Previous studies have also reported that the A2A levels were not significantly different between athletes and non-athletes (
26). Changes in adenosine receptors are also highly dependent on the type and intensity of training. In line with the present study, aerobic and interval training had the same effects on the reduction of A1 in the liver tissue of obese rats (
14). One session of high-intensity training reduced adenosine receptors in the heart tissue of rats exposed to oxidative stress (
11). This study showed that adenosine receptors are effective in enhancing antioxidant and anti-inflammatory systems and reducing lipid peroxidation induced by high-intensity exercise in the heart tissue. Also, the combination of training and adenosine consumption was significant in reducing A1, but adenosine consumption and endurance training were not significant in decreasing A2A in the heart tissue of obese rats.

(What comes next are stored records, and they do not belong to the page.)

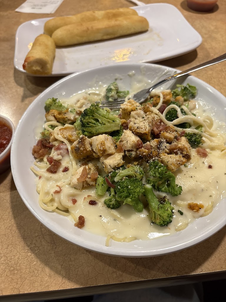 Food was nice and hot. Breadsticks fresh. Service friendly. Fettuccine nice and saucy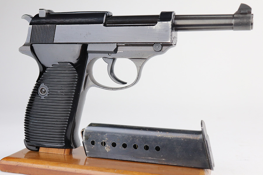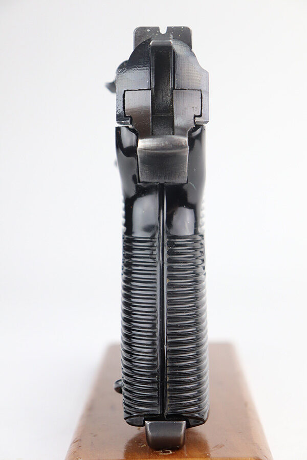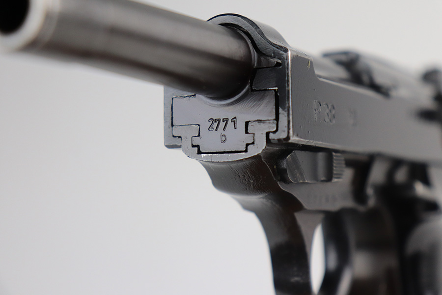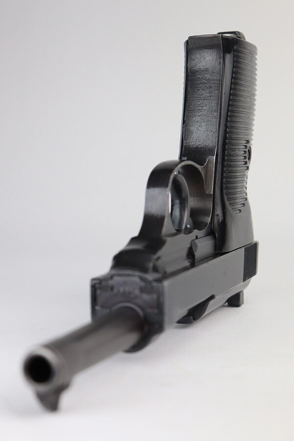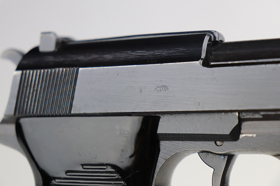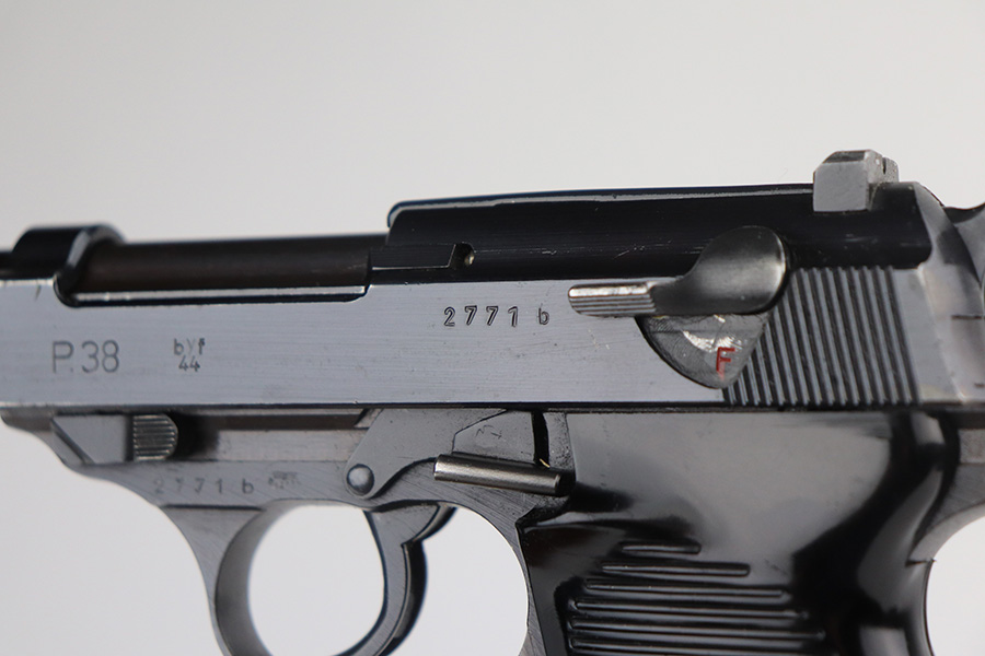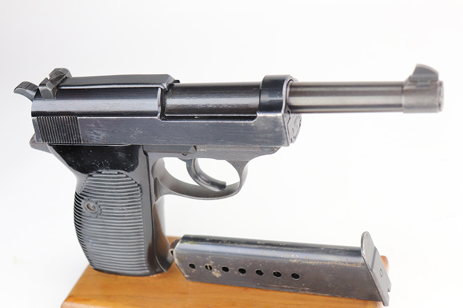 12/22/22 – This is an excellent example of a Mauser P.38 issued to the Nazi military in 1944. The gun is all matching and has the proper “Waffen 135” military proofs. It has retained about 97% of its original finish. There is minor wear on the front strap, front edges of the slide, and around the muzzle. Comes with excellent grips and a period-correct Mauser magazine. The bore is near-mint. De-cocker is functional.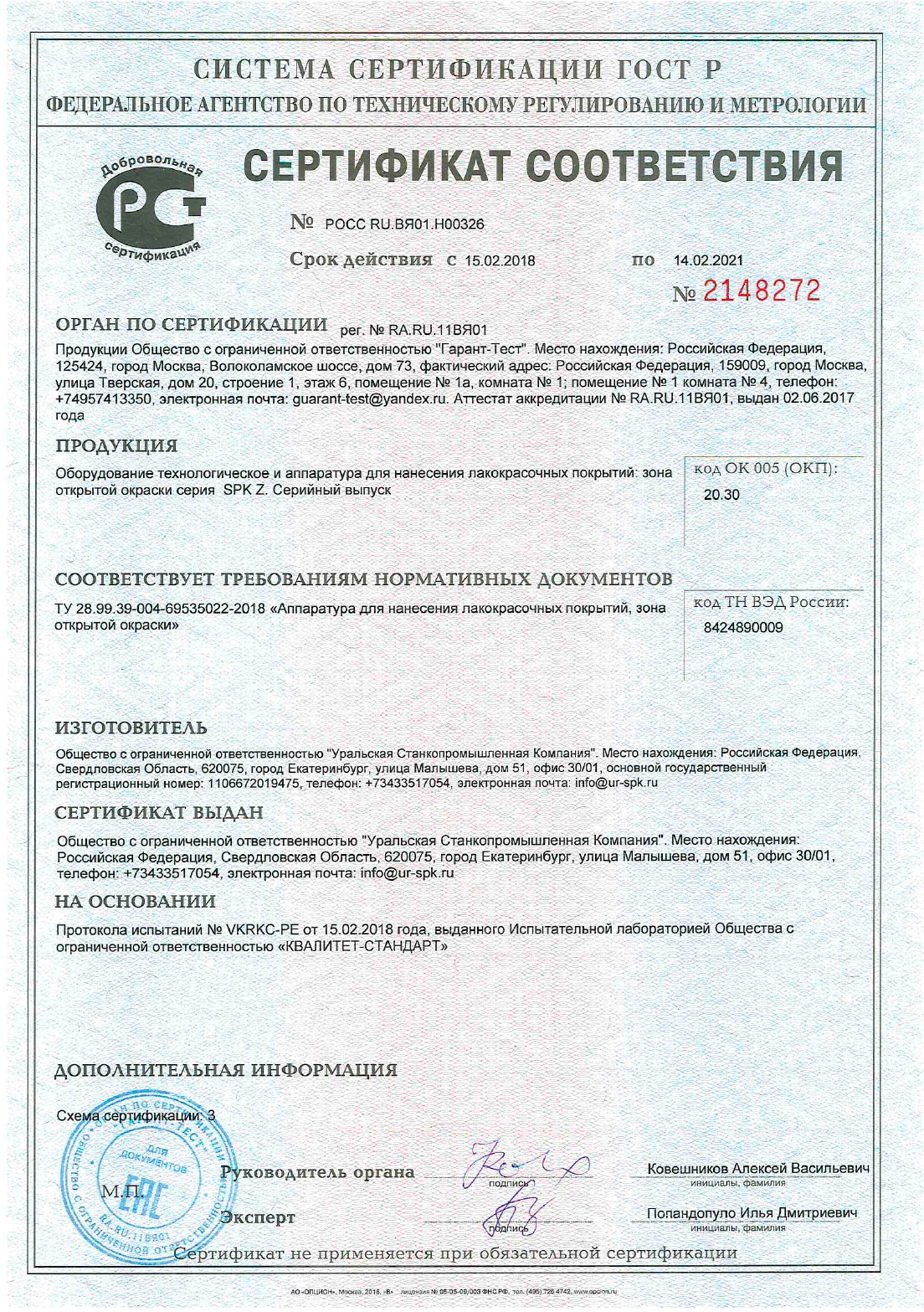 СЕРТИФИКАТ НА УЛИЧНУЮ ОКРАСОЧНО-СУШИЛЬНУЮ КАМЕРУ |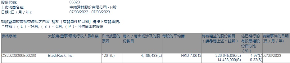智通财经APP获悉,香港联交所最新资料显示,3月2日,贝莱德减持中国建材(03323)418.9433万股,每股作价7.0612港元,总金额约为2958.24万港元。减持后最新持股数目约为2.27亿股,最新持股比例为4.97%。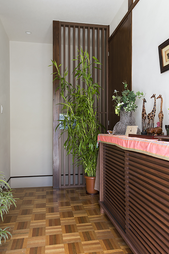 右側には、既存の床に合わせた色味の木の家具を設置。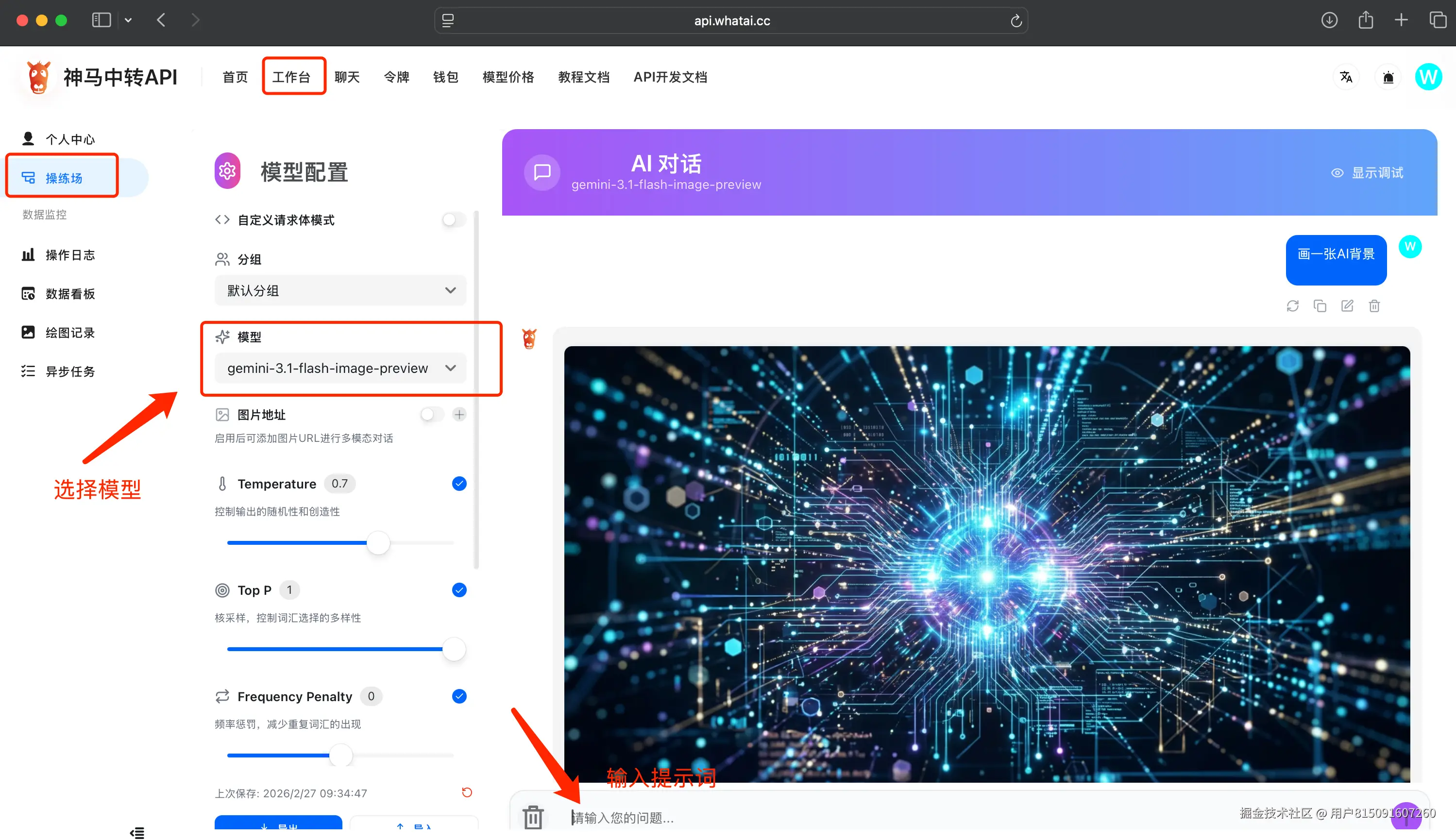 首页-工作台-操练场选择模型gemini-3.1-flash-image-preview,输入问题测试使用或者API接入(支持gemini、openai、dall-e格式)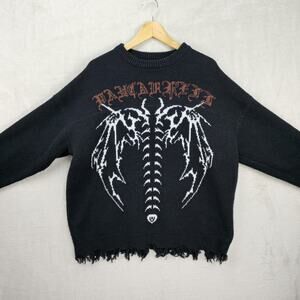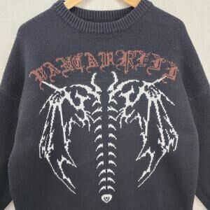 Vancarhell Knit Sweater L-XL Black Y2K Gothic Oversized Skeleton Whimsigoth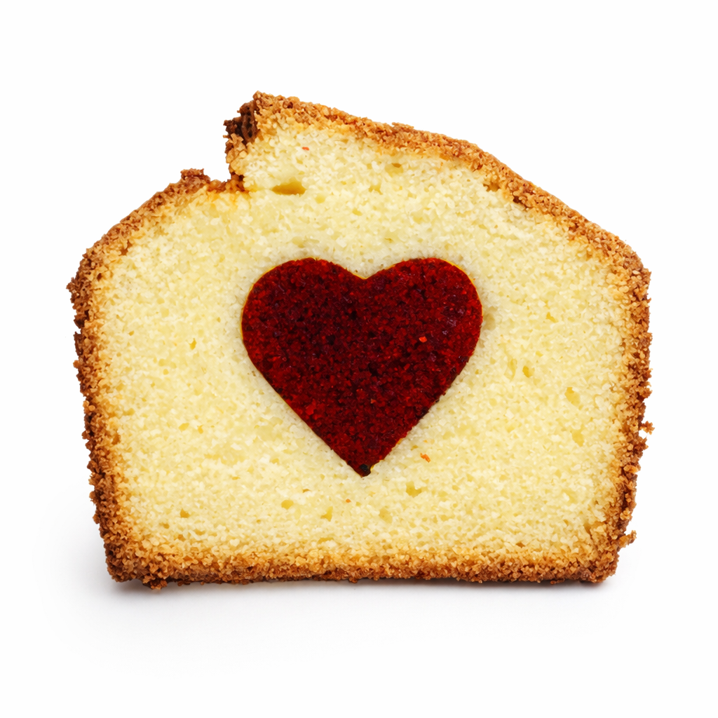Porción de nuestro clásico bizcocho Natural con un toque de Queso con centro de corazón de red velvet.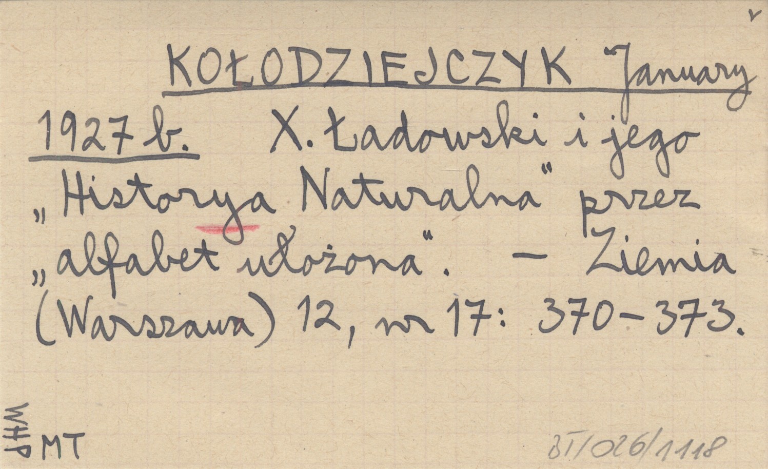 KOŁODZIEJCZYK January 1927 b X. Ładowski i jego "Historya Naturalna" przez "alfabet ułożona".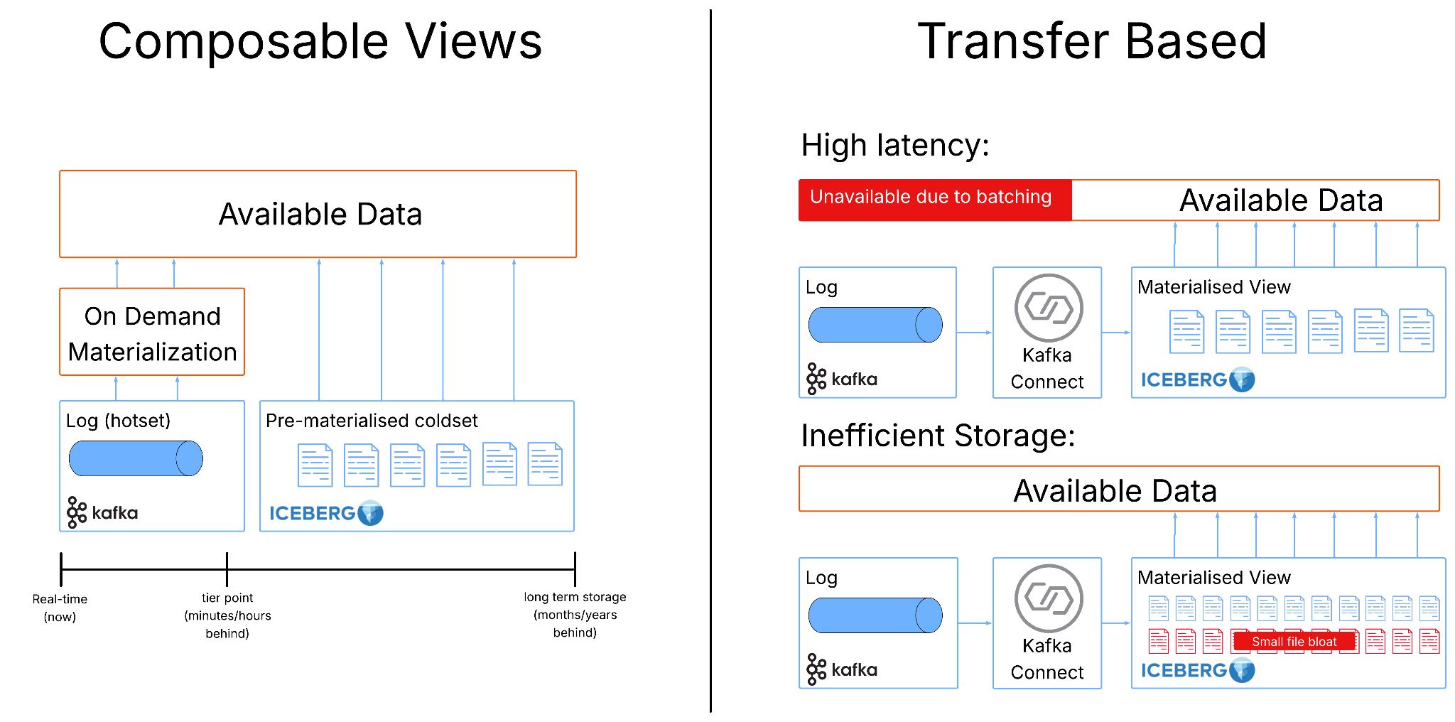 This shift has a subtle but powerful effect. By allowing recent data to remain in Kafka, the system avoids the constant pressure to translate every small change into file-level operations. In this sense, materialisation becomes a controlled, deliberate step rather than a continuous background process. Operators are free to make informed decisions about how and when materialisation happens and can accept the right tradeoffs for their use cases.

Previous studies have shown that exercise activities through the increase of fatty acid oxidation, activation of the AMPK pathway, and increase of angioplasty can decrease adenosine receptors at the cell surface (
10,
14) and adenosine consumption can decrease the expression of adenosine receptors by increasing ENT1 and CNT2 receptors, increasing AMPK, activating potassium channels, and inhibiting calcium channels in the heart (
14,
22,
23). However, the upstream AMPK pathway in these changes is different in the two interventions. In this regard, a study by Heinonen et al. showed that A2A changes were less affected by exercise (
26).
The combination of training and adenosine consumption was more effective in the reduction of A1 expression in the liver tissue than either of these interventions alone (
14). Exercise training and adenosine consumption in these two studies could decrease A1 expression by enhancing the AMPK activity. Also, the combination of exercise and adenosine consumption increased lipolysis of white adipose tissue and enhanced Uncoupling Protein 1 (UCP1) in brown adipose tissue (
25), indicating increased lipolysis following adenosine administration along with exercise training.